Remarks to a joint session of the North Carolina State Legislature in Raleigh

Weekly Compilation of Presidential Documents, March 17, 1997

Thank you very much. Lieutenant Governor Wicker, Speaker Brubaker, Senator Basnight, the other State elected officials who are here; my good friend Governor Hunt; Mayor Fetzer. I'd like to thank those who came down here with me today. I brought some of the Members of your congressional delegation home. They don't need to hear this speech, they've heard it before, but I was glad to have them here in moral support: Congressman David Price; Congressman Bob Etheridge, your former superintendent of education; Congressman Mike Mcintyre; and Congresswoman Eva Clayton. I thank them for coming.

I also want to say I'm glad to be joined today by your neighbor, the Secretary of Education, Richard Riley, former Governor of South Carolina, and by our new Secretary of Defense, Bill Cohen of Maine. We're glad to have him with us today, too. Thank you, Secretary Cohen, for coming.
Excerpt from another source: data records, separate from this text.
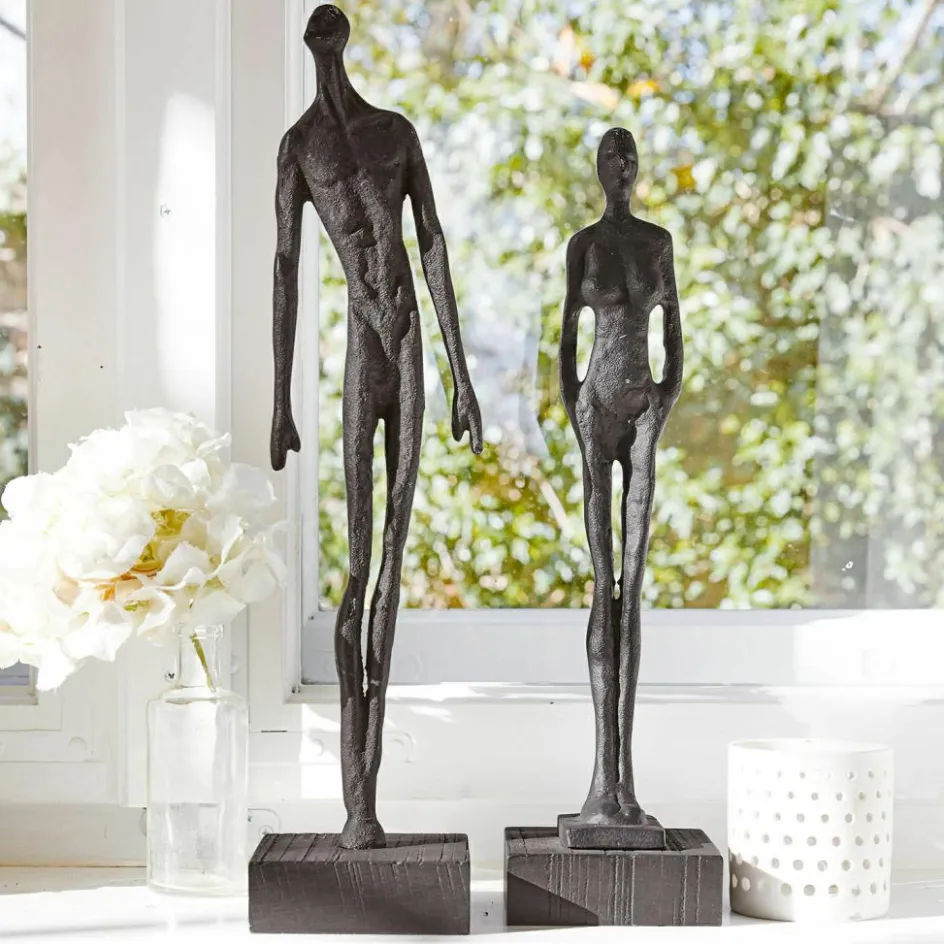 Zauberhafte Schmuckstücke für Kunstliebhaber: Diese spannenden Skulpturen sind Dekoobjekte der besonderen Art. Zieren Sie damit die Konsole in Ihrem Eingangsbereich oder platzieren Sie sie auf einem Tisch in der Diele oder Ihrem Arbeitszimmer. Nebeneinander oder auch korrespondierend an unterschiedlichen Plätzen im Raum. Beide sind aus Aluminium mit Detailliebe von Hand gefertigt und stehen auf einem Podest aus Mangoholz. Trotz unterschiedlicher Materialien sehen die Figuren aus wie aus einem Guss. Einfach edel!
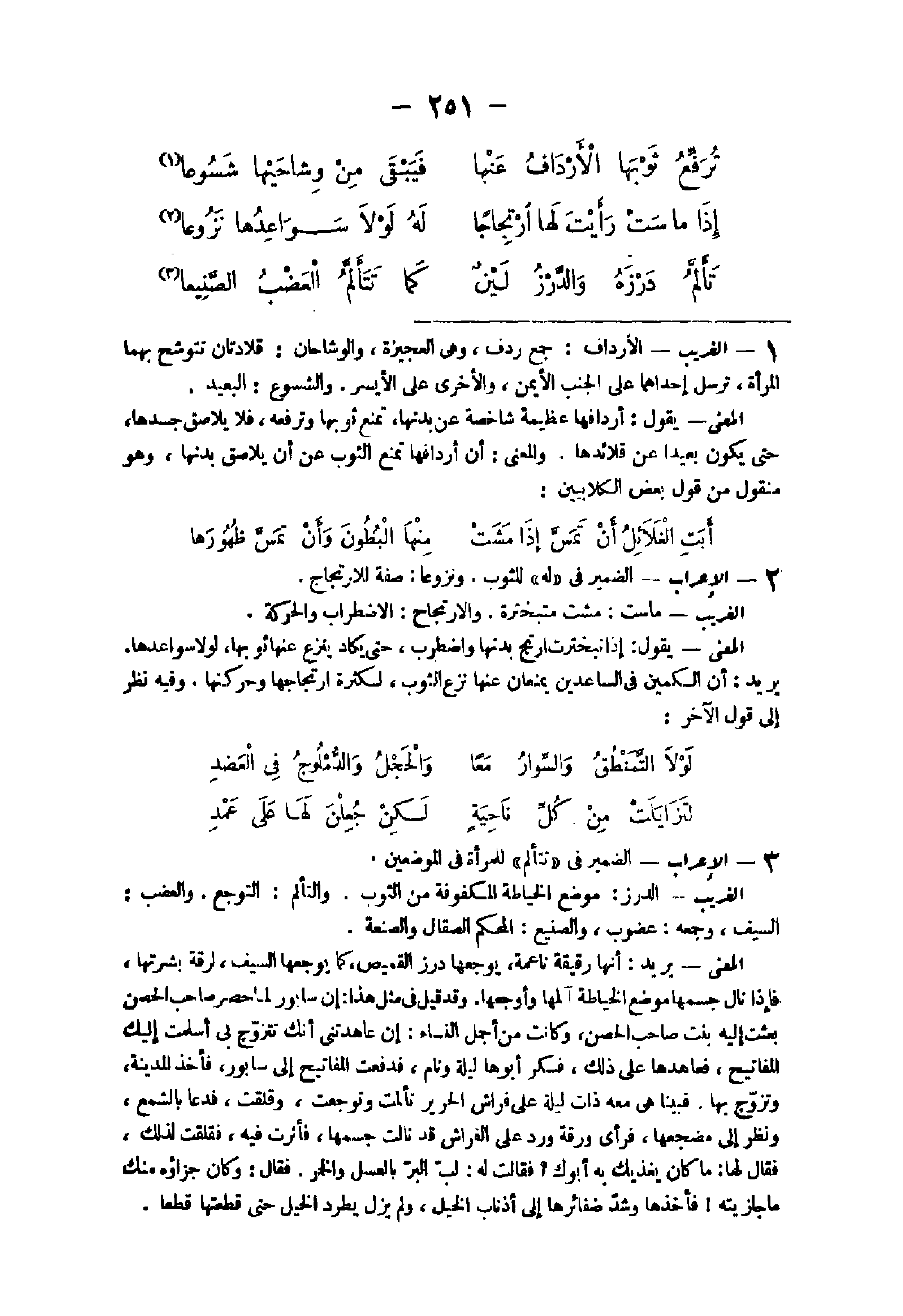 - الْغَرِيب الأرداف جمع ردف وهى العجيزة والوحاشان قلادتان تتوشح بهما الْمَرْأَة ترسل إِحْدَاهمَا على الْجنب الْأَيْمن وَالْأُخْرَى على الْأَيْسَر والشسوع الْبعيد الْمَعْنى يَقُول أردافها عَظِيمَة شاخصة عَن بدنهَا تمنع ثوبها وترفعه فَلَا يلاصق جَسدهَا حَتَّى يكون بَعيدا عَن قلائدها وَالْمعْنَى أَن أردافها تمنع الثَّوْب عَن أَن يلاصق بدنهَا وَهُوَ مَنْقُول من قَول بعض الكلابيين
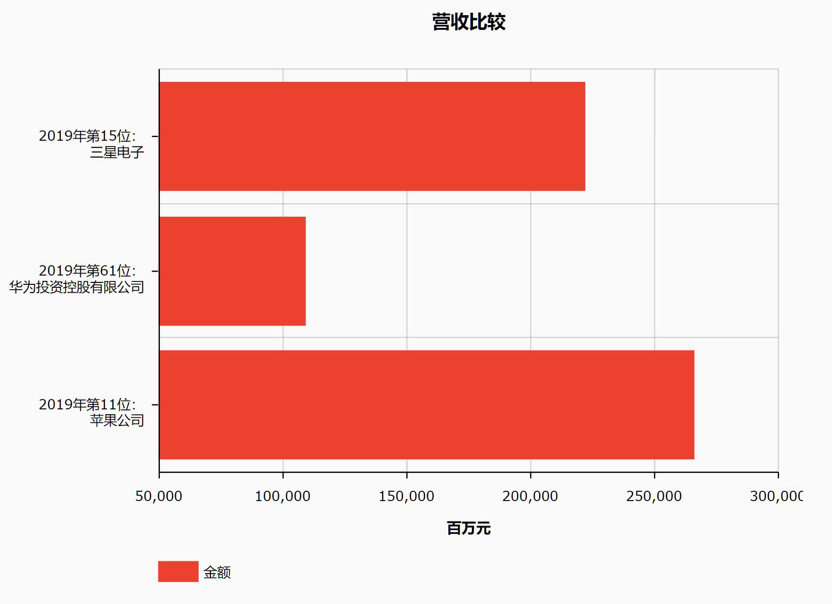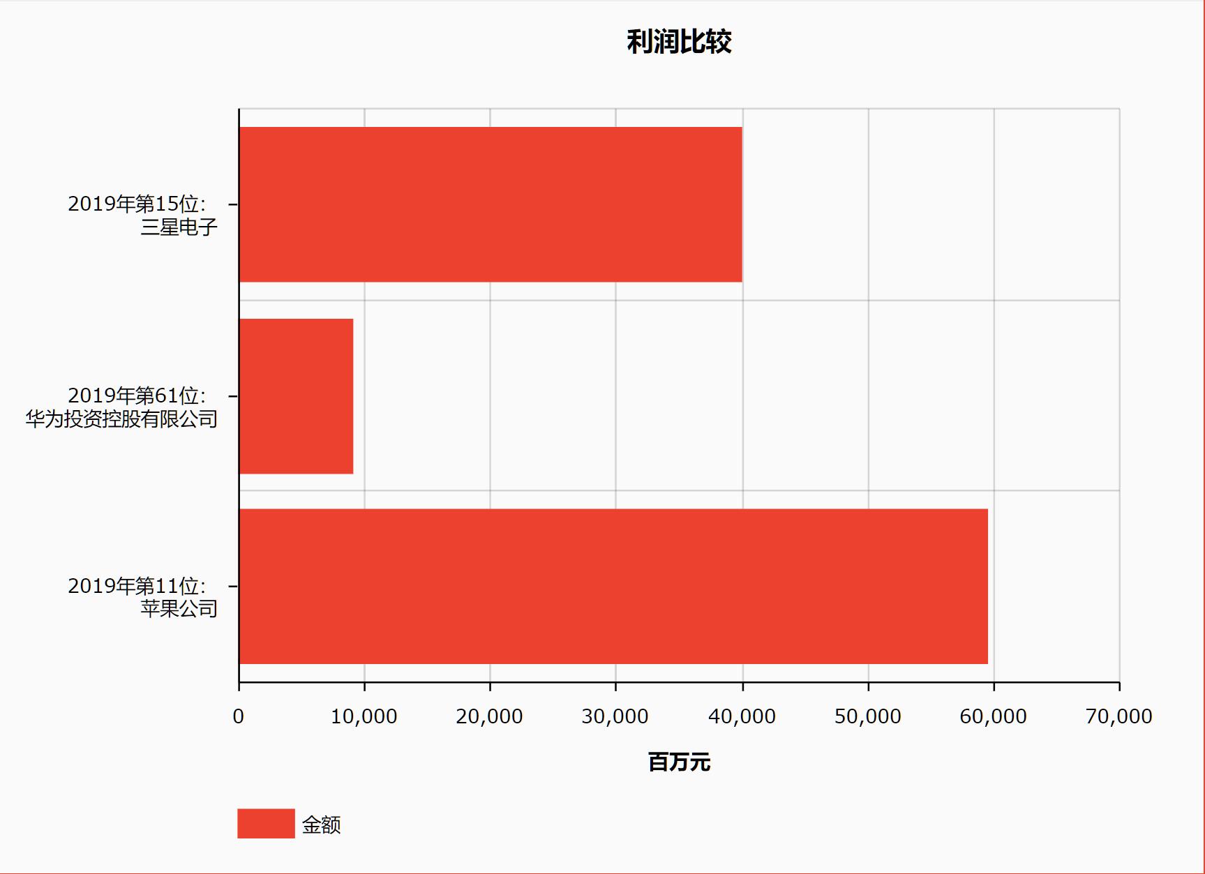 为了更形象地展现华为在营收、利润与苹果和三星的差距,我们截取了去年《财富》杂志世界500强排名中华为、三星和苹果在排位、营收、利润上的对比图,需要说明的是,这个排名是基于2018年的财务数据,2020年的排名未出,但鉴于2019年各自的业绩,整体趋势应该不会发生太大的变化。

I was glad that you mentioned my Chief of Staff, Erskine Bowles. He wouldn't come here with me today because he was afraid all of you would think that he was shirking his duties and not at work. But let me tell you, he is doing a magnificent job. I'm very proud of him. I couldn't believe it when he agreed to come back to Washington and take this job, especially because I knew it would cost him a small fortune. And he reminded me that his father used to tell him, "Once you have the tools, you've got to spend some time to add to the woodpile." So he's up in Washington adding back to the woodpile. And you should all be very proud of him. He is a remarkable man. He's doing a good job.

I'd also like to thank the other North Carolinians on my staff. Two of the three of them are here today. Doug Sosnik, my former political director and senior counselor, is not here, but my Director of Communications, Don Baer, is here, and Charles Duncan, the Associate Director of Presidential Personnel. They both came home with me, and they were glad to have the excuse to come home. And I appreciate their being here and their service.

I was told that this was the first time a sitting President has addressed the North Carolina State Legislature. If it's not true, don't disabuse me now, because I'm about to say something good. [Laughter] And I am very honored to be here. Even more important, I've spent a little time here over the years, and I am honored and mildly surprised that you are here, because it's tournament time and you've got four teams, as usual, in the tournament.

You may know that I am something of a basketball fanatic. And you may know that one of my most memorable basketball experiences - I once saw North Carolina and Kentucky play in the Dean Dome, and the car that I came in was towed. [Laughter] But I had so much fun at the ballgame, I would have walked all the way back to Arkansas after it was over. [Laughter] I make it a point never to take sides in basketball games unless my home team in Arkansas or my alma mater, Georgetown, are playing. But I am looking forward to the day when the great Dean Smith breaks Adolph Rupp's record.

There is much for the rest of the Nation, and especially the rest of the South, to admire in North Carolina, the determined and visionary leadership that has characterized this State for many decades in education and economic development, in bringing harmony among peoples of different backgrounds.

When I was a young man, I followed the work here of then-Governor Terry Sanford, who later became my friend and colleague. Eighteen years ago, when I first started my career as Governor of Arkansas, my best mentor and friend was Jim Hunt. And he is still my mentor and friend. Dick Riley and I were laughing with Jim Hunt - we were together 18 years ago as the Governors of Arkansas, South Carolina, and North Carolina, and we were laughing that Jim was probably the only one of us who could still get elected Governor in our home States after 18 years. [Laughter] And I applaud him on that.

It was in Chapel Hill that the cornerstone was laid at our Nation's first publicly funded university, in Kitty Hawk where man first took to the skies. And today, North Carolina is an aeronautics and an air travel hub center for millions of people. Your State universities receive the highest level of funding for research and development in the Nation. You have connected more of your communities than any other State in the country to the information superhighway, something I'm trying to do for every classroom and library in America by the year 2000. The Research Triangle has one of the highest per capita concentrations of Ph.D.'s in the world, and you are clearly one of America's most dynamic centers of economic activity.

The most important thing about all this is not for me to brag on you, you know that already, but to emphasize the main point: These things do not happen by accident. They are the product of vision and disciplined, long-term effort.

Now our country faces the challenges of a new century, a whole new economy, a whole new way in which people will work and live and relate to each other here at home and around the world. It is driven by information and by technology. Its best hopes may be undermined by its darkest fears, by the old demons of racial and religious and ethnic hatreds, by terrorism and narcotrafficking and organized crime.